I followed him as he all but ran to one of the bedrooms, where he had set up the recorder and a telephone headset that would allow him to listen in. Between us were two pads of paper and pens for scribbling notes.
On the third ring, as Cassidy nodded and turned on the recorder, I picked up the phone.
“What happened, Ms. Kelly?” the voice on the other end teased. “Did Detective Cassidy run out of tape cassettes?”
“You know I’m at my mother-in-law’s house,” I answered.
Speak slowly,
I reminded myself, trying to follow Cassidy’s instructions. “There are other people here. I didn’t know how private you wanted this conversation to be.”
I scribbled a note to Cassidy: “Different caller.”
Cassidy nodded.
“Oh, there is no privacy for people in our position,” the caller said.
“Your position?”
“Hocus is quite famous now. We’re almost as famous now as we were when we were little.
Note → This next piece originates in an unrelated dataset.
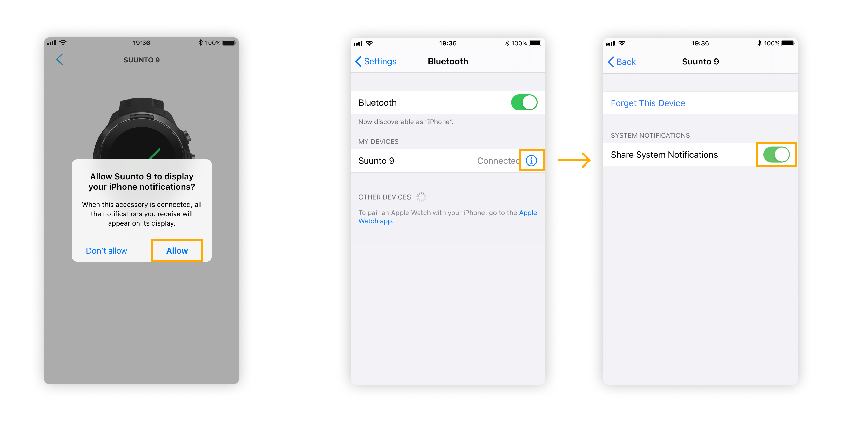 - 如果尚未配对,请将您的手表与 Suunto 应用配对,并等待同步完成。配对成功后,接受 Suunto 应用提示的通知权限对话框。
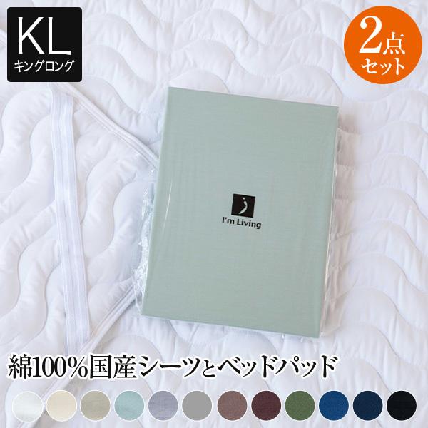 寝具セット 2点 キングロング ベッド用 12色から選べる国産シーツと洗えるベッドパッド

Our fathers’ murders bought us our first fifteen minutes of fame.”
Show empathy.
“You survived a horrible ordeal then. People wanted to know more about you.”
“Good! You did your homework. We’re very pleased.”
“Am I speaking to Samuel or Bret?”
“Samuel, at the moment. Our fathers enjoyed stories about the Old West. Bret is named for Bret Harte. I’m named for Samuel Clemens. Detective Cassidy, you do know Samuel Clemens was the man who wrote as Mark Twain, don’t you?”
Cassidy pulled the small microphone on the headset down to his mouth. “Well, Samuel, contrary to Yankee propaganda, there are a few literate folks living south of the Mason-Dixon line.”
Samuel Ryan laughed; a false, nervous laugh. “What a wit, Thomas! You don’t mind if I call you Thomas, do you?”
“Not at all. Tom would be better. You prefer Samuel or Sam?”
“Samuel, please. And Ms. Kelly, would it seem disrespectful if I addressed you as Irene?”
“I’d prefer it to Ms. Kelly.”
“Fine. We really think the two of you are well suited for the task we have in mind. Tom is a virtual tower of equanimity. You are so lucky to have him along for the ride, aren’t you, Irene?”
“Forgive me if I say I’d rather not be on the ride in the first place.”
Cassidy shot me a warning look, but Samuel laughed again.
“Well, I’d love to sit here and chat,” Samuel said, “but that would lead to Detective Harriman being even more uncomfortable than he is now.”
“Uncomfortable?” Cassidy asked.
“The drugs, the restraints. Being without his own clothes. And of course, as the drugs wear off, there is pain.”